Web Image Prediction Using Multivariate Point Processes

Paper and Matlab example code are available now.

Romanian page is also available. Thanks, Maxim.



  • Gunhee Kim, Li Fei-Fei and Eric P. Xing
    Web Image Prediction Using Multivariate Point Processes
    18th ACM SIGKDD Conference on Knowledge Discovery and Data Mining (KDD 2012), Beijing, China, August 12-16, 2012. (Acceptance = 133/755 ~ 17.6%)
    [Paper (PDF)] [Presentation (PPTX)]

Matlab example code

  1. Download our Matlab toolbox.

    1. Note that this toolbox was re-written for the instruction purpose.

  2. Please carefully read README.txt in the package before using our code.

  3. Please cite our KDD12 Paper if you use or are inspired by this code/work.

  4. If you find any bugs, please email me.


Motivation of Research

The main research problem of this project is as follows.

Given a query keyword (eg.world+cup) and any future time point, can we predict what images will be likely to be appear on the Web?

The term world+cup mainly refers to the soccer event, and thus soccer images may be reasonable guess. However, as shown in the below figure, actual user photos are extremely diverse (e.g. ski, skate, bicycle, or horse riding), because the term usages vary much according to different users’ experiences and preferences.

As input, we download all images that are queried by the term world+cup from Flickr up to at a certain time point (eg. end of 2008). We also assume that each image is associated with meta-data like timestamp and owner ID. We then learn the temporal model for each topic keyword to describe the relations between image occurrence probabilities and the factors or covariates that influence them. Finally, the learned model is used to predict likely images for a given topic keyword and a future time point.

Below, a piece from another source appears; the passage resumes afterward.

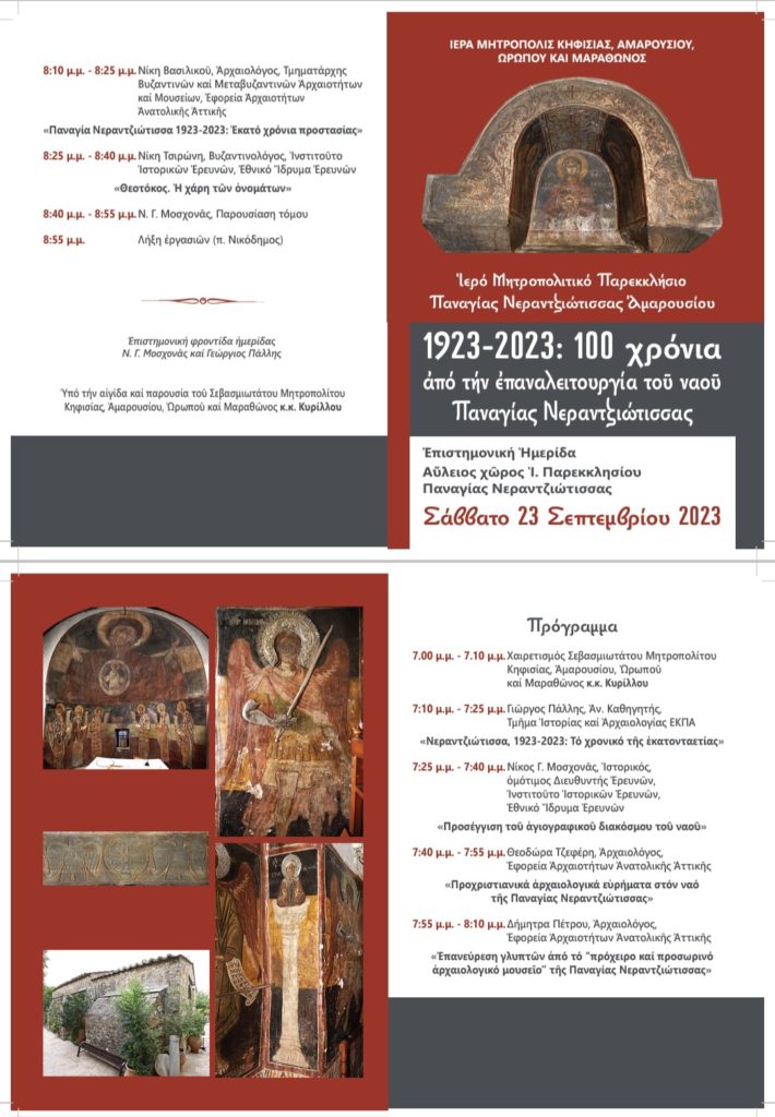 Ημερίδα για τα 100 χρόνια από την επαναλειτουργία του Μητροπολιτικού Παρεκκλησία της Παναγία Νερατζιώτισσας διοργανώνει σήμερα Σάββατο 23 Σεπτεμβρίου η Ιερά Μητρόπολη Κηφισίας Αμαρουσίου, Ωρωπού και Μαραθώνος.

We call the prediction of photos for arbitrary individuals as collective image prediction. If a particular user is specified at query time, the prediction can be more focused on the user’s unique angle of seeing the topic. We call this task as personalized image prediction.


Figure 1. (a) Given an image stream of the world+cup up to 12/31/2008, can we then predict likely images for a future time point
tq=6/6/2009? (c) Collective image prediction. (d) Personalized prediction for a designated user.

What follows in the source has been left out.